A theoretical calculation [6] based on the Jaffé theory
of columnar recombination, gives values of A = 1 and Β = 1/27.
However, within reasonable limits these values can be varied by
varying the electric field strength within limits which do not
interfere with the linearity of f(QF). The value of the coefficient
A is also affected by the existence of a preferred ionization
recombination, and this makes possible some variation of the
coefficient A with the gas pressure in the chamber.

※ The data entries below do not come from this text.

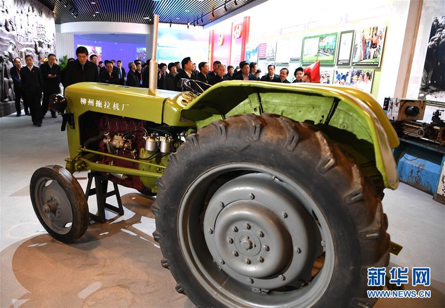 12月10日,观众在参观广西柳州20世纪60年代试制成功并生产的拖拉机。 当日,广西壮族自治区成立60周年大型成就展在位于南宁的广西规划馆开幕。 新华社记者 周华 摄
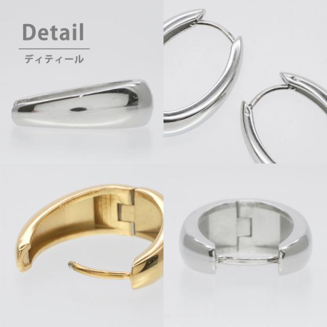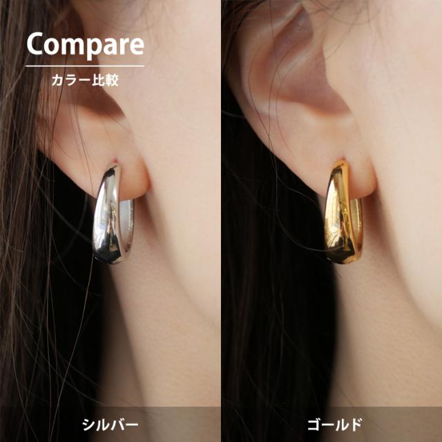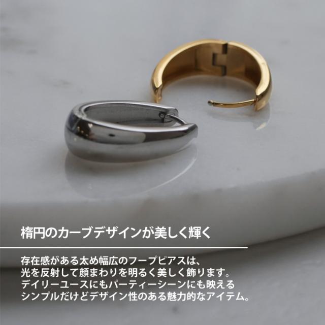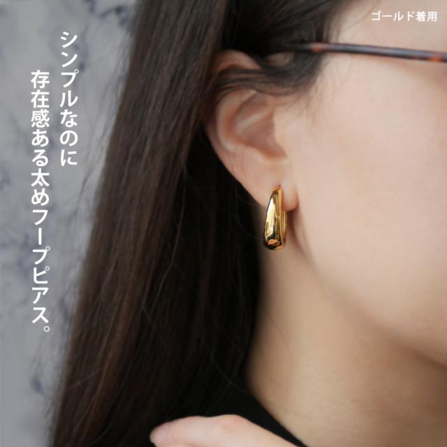 存在感がある太め幅広のフープピアスは、光を反射して顔周りを明るく美しく飾ります。
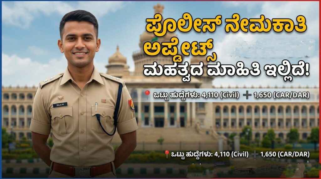 ಕರ್ನಾಟಕದಲ್ಲಿ ಸರ್ಕಾರಿ ಉದ್ಯೋಗಕ್ಕಾಗಿ ತಯಾರಿ ನಡೆಸುತ್ತಿರುವ ಅಭ್ಯರ್ಥಿಗಳಿಗೆ ಪ್ರಮುಖ ಮಾಹಿತಿ ಹೊರಬಿದ್ದಿದೆ. ರಾಜ್ಯ ಪೊಲೀಸ್ ಇಲಾಖೆಯಲ್ಲಿ Civil Police Constable (CPC) ಹಾಗೂ CAR/DAR Police Constable ಹುದ್ದೆಗಳ ನೇಮಕಾತಿಗೆ ಸಂಬಂಧಿಸಿದಂತೆ ಹೊಸ ಅಪ್ಡೇಟ್‌ಗಳು ಪ್ರಕಟವಾಗಿವೆ. ಇತ್ತೀಚಿನ ಮಾಹಿತಿಯ ಪ್ರಕಾರ ಒಟ್ಟು ಸಾವಿರಾರು ಹುದ್ದೆಗಳ ನೇಮಕಾತಿಗೆ ಪ್ರಕ್ರಿಯೆ ನಡೆಯುವ ಸಾಧ್ಯತೆ ಇದೆ. ಪೊಲೀಸ್ ಇಲಾಖೆಯಲ್ಲಿ ಕೆಲಸ ಮಾಡಲು ಆಸಕ್ತಿ ಹೊಂದಿರುವ ಯುವಕರಿಗೆ ಇದು ಉತ್ತಮ ಅವಕಾಶವಾಗಬಹುದು. ಹುದ್ದೆಗಳ ವಿವರ ಲಭ್ಯವಿರುವ ಮಾಹಿತಿಯ ಪ್ರಕಾರ ಪೊಲೀಸ್ ಇಲಾಖೆಯಲ್ಲಿ ಕೆಳಗಿನ ಹುದ್ದೆಗಳ ನೇಮಕಾತಿ ನಿರೀಕ್ಷಿಸಲಾಗಿದೆ: ಒಟ್ಟು 5,760 […]

Thus, condition
(5) can be finally satisfied not by varying one of the volumes of
the chamber (which after mechanical fixing of the electrodes may
prove difficult) but by varying the pressure and field strength in
the chamber.
Formula (6), which points to the possibility of using the
differential chamber for measuring the DE, is derived on the
assumption that the dose absorbed in both parts of the chamber is
constant. This condition is generally not fulfilled, which is
particularly noticeable in the immediate vicinity of sources of
radiation, where the gradient of the dose rate is steep. The error
due to the gradient can be considerably reduced by symmetrically
alternating the saturated and unsaturated sections in a multi¬
electrode chamber (Fig. 2a).
- 5 -
A schematic diagram of the differential recombination
chamber constructed by us on the basis of this principle is given
in Fig. 3. Each electrode of the chamber is connected to one of
the six pins brought out through teflon isolators. Spacer sleeves
on the pins ensure that the electrodes are mechanically fixed at
an equal distance from each other. The external connection of the
pins can be carried out using two different circuits according to
the use to which the chamber is to be put. Fig. 3 shows the circuit
allowing simultaneous measurement of the dose and dose equivalent,
which makes it possible to estimate the quality factor of mixed
radiation, whose intensity is not constant in time. In the case
considered, the chamber is connected to two electrometers. If the
absorbed dose and the quality factor are not of interest in them
selves, then one of the electrodes may be disconnected. In this case
it is advisable to connect the electrodes in such a way that all
sections of the chamber (and not two out of three sections as in
the previous case) work under differential operating conditions.
For this purpose the booster electrodes, which in Fig. 3 are
connected to terminal 2, should be connected to terminal 5, and
vice versa, and the terminals of the measuring electrodes 3 and 4
should be connected together. The chamber with the electrodes
connected up in this way is used for measuring the dose equivalent.
Of course, both terminals of the supply electrodes can be supplied
with voltage of the same sign, ensuring saturation in all sections
of the chamber - in this case the current in the chamber is
proportional to the dose rate. Thus the quality factor can also be
determined with exclusively differential connection of the electrodes.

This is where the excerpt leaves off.